> **Dataset items**:
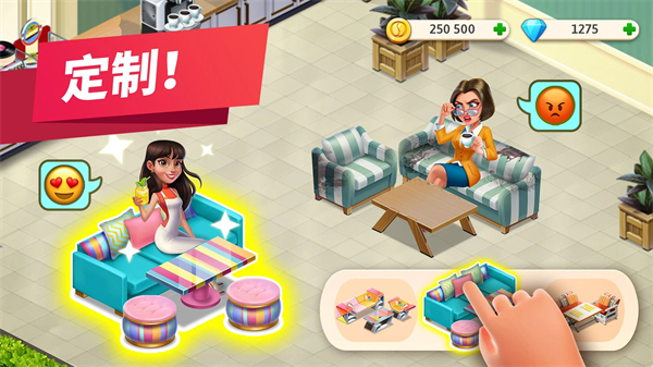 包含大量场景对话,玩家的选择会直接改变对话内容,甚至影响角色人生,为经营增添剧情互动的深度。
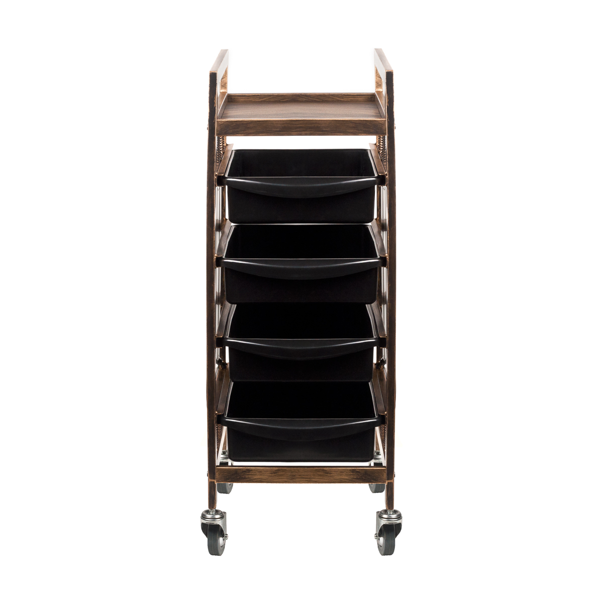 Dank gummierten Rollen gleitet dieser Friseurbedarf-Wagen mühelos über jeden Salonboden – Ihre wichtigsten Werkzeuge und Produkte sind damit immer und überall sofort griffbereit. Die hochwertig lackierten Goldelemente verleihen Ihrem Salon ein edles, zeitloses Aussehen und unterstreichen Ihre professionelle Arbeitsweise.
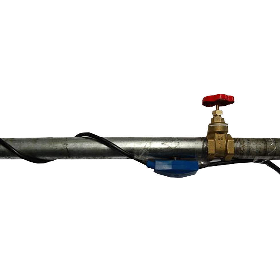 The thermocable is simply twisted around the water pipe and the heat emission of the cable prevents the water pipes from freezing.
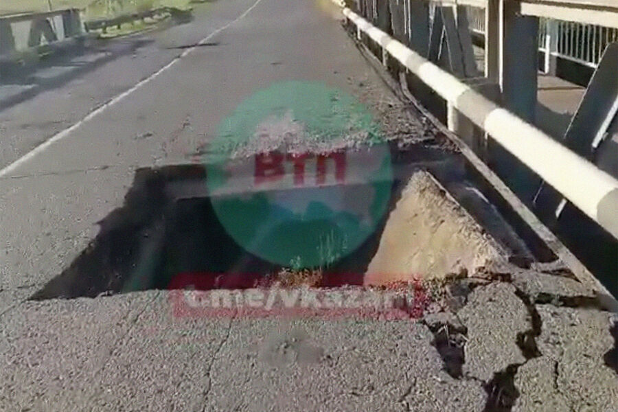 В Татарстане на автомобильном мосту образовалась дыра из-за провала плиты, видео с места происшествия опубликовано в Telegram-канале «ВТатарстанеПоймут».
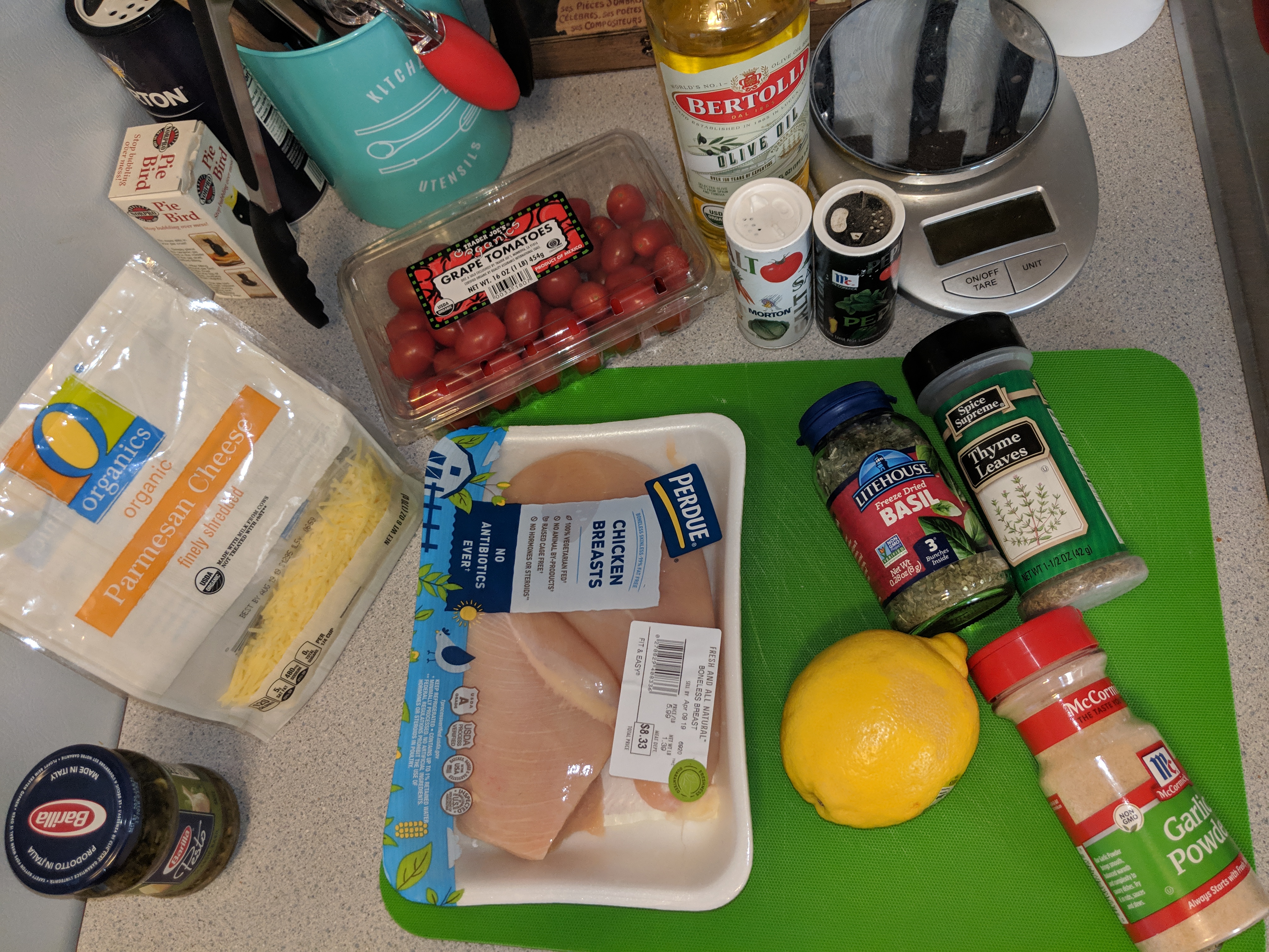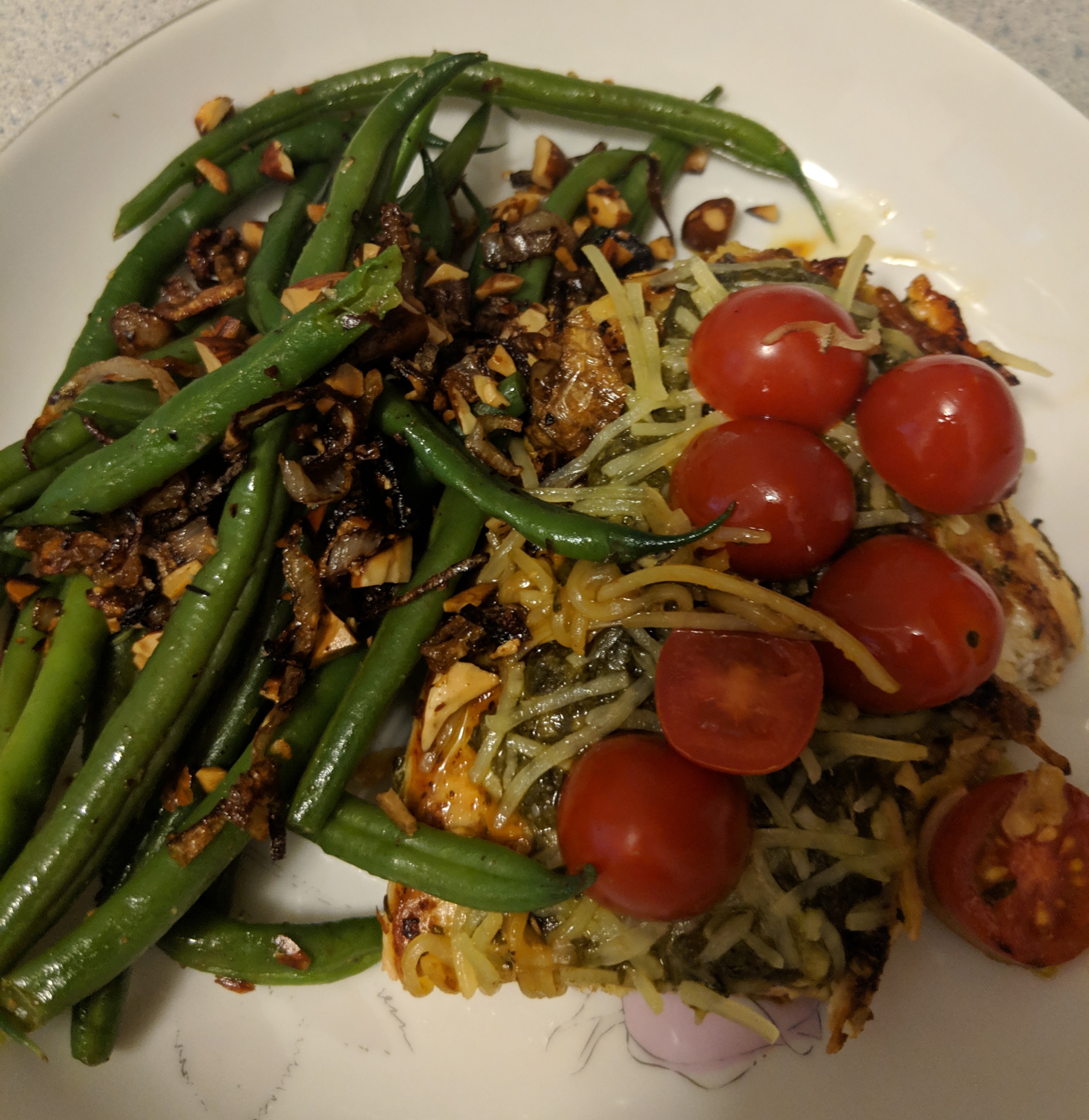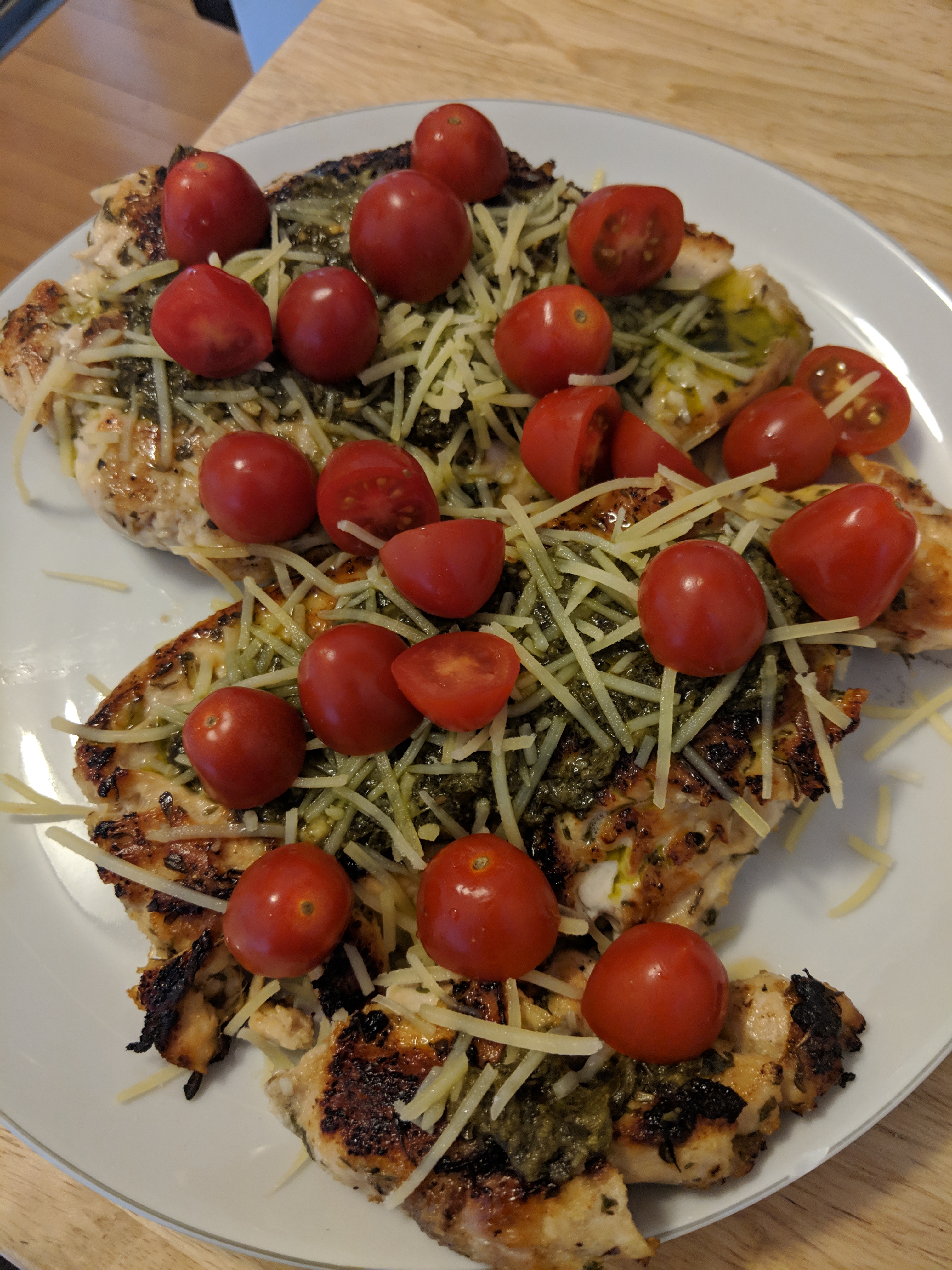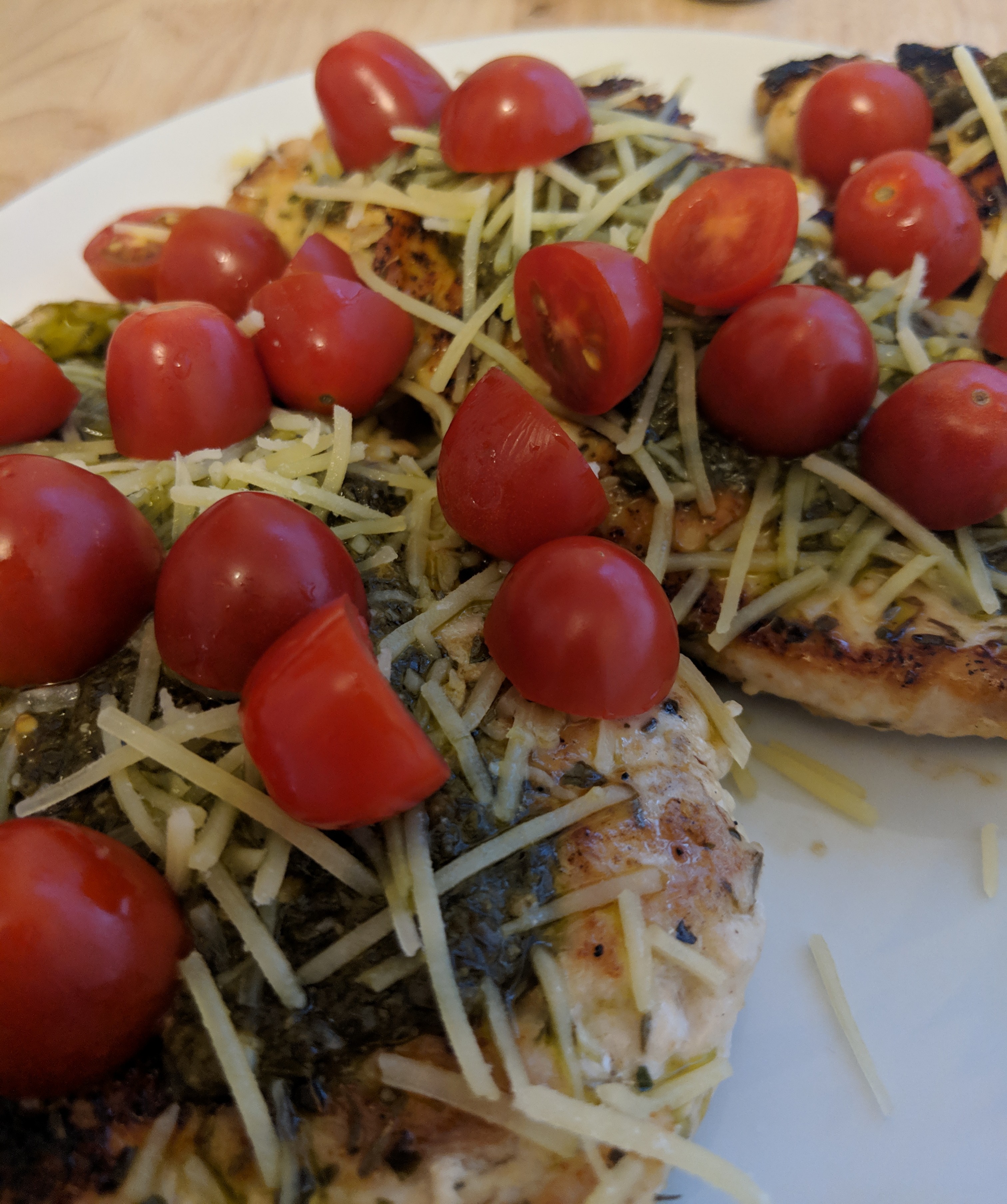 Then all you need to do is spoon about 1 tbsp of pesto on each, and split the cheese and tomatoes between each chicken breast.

> **PROBLEM STATEMENT**: Your answer must be the records exactly as they stand, with no pictures in it.

> **WRITTEN ANSWER**:
 包含大量场景对话,玩家的选择会直接改变对话内容,甚至影响角色人生,为经营增添剧情互动的深度。
 Dank gummierten Rollen gleitet dieser Friseurbedarf-Wagen mühelos über jeden Salonboden – Ihre wichtigsten Werkzeuge und Produkte sind damit immer und überall sofort griffbereit. Die hochwertig lackierten Goldelemente verleihen Ihrem Salon ein edles, zeitloses Aussehen und unterstreichen Ihre professionelle Arbeitsweise.
 The thermocable is simply twisted around the water pipe and the heat emission of the cable prevents the water pipes from freezing.
 В Татарстане на автомобильном мосту образовалась дыра из-за провала плиты, видео с места происшествия опубликовано в Telegram-канале «ВТатарстанеПоймут».
 Then all you need to do is spoon about 1 tbsp of pesto on each, and split the cheese and tomatoes between each chicken breast.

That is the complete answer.